Back when I graduated from college and had to write my resume for the first time, my first resort was the internet. However, in almost all sample resumes for entry-level, fresher and college graduates I found, the opening header was an Objective Statement along the lines “Seeking for a challenging position that would enable me to utilize my skills effectively….” And thereby secured its place in my own resume for a very long time. In short, I was led to believe that the starting of a resume should always be an Objective line that is of a particular format and need not necessarily describe me closely. As time went by, everything else from the Skills and Strengths to the Professional Experience changed; with new headers like Technical Skills and Core Competencies being added to the lot. But the only thing that remained the same was the Objective Statement. Or rather, this was the area that had my least attention.

Only when it was time to move on in career as a senior professional and I badly needed a revamping of my existing resume, had it dawned upon me that the Objective in my resume was a total fail. All these years, I had carried a resume which I thought perfectly summed up my skills and ambitions and presented them in the most interesting way when in fact it was a failure at the beginning itself. This is a common mistake that happens to most job seekers. They pay less attention to the opening statement, underestimating its importance. However, the truth is that this section gives an insight of your skills and potential in a nutshell and makes for a first impression of your candidacy to the employer.

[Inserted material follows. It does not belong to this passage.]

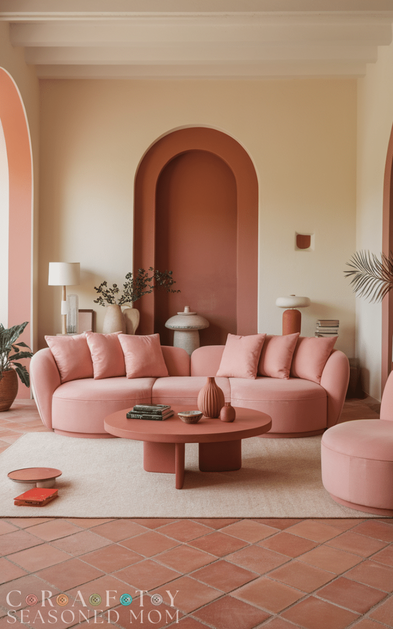 Blush pink adds a soft, sun-kissed glow to mediterranean color ideas. Inspired by warm sunsets over the Spanish Coast, this gentle shade pairs beautifully with terracotta and cream. Mediterranean color ideas that feature blush pink feel romantic, warm, and inviting, perfect for bedrooms or cozy living areas.

Who should keep and who should not?

Although, college grads can still keep an objective statement in their resume for the reason that they have less work-related skills or expertise, it is better for an experienced professional’s resume to start off with a more appropriate header like the “Summary of Qualifications”. Objective Statement only shows what you are looking for in your next position. Whereas, the “Summary of Qualifications” or “Profile” distinctly states all your experiences and skills that are most relevant to the position. This will bullet-list all the skills and expertise you have acquired through your professional career and help hiring managers decide easier whether you are a potential candidate for the job.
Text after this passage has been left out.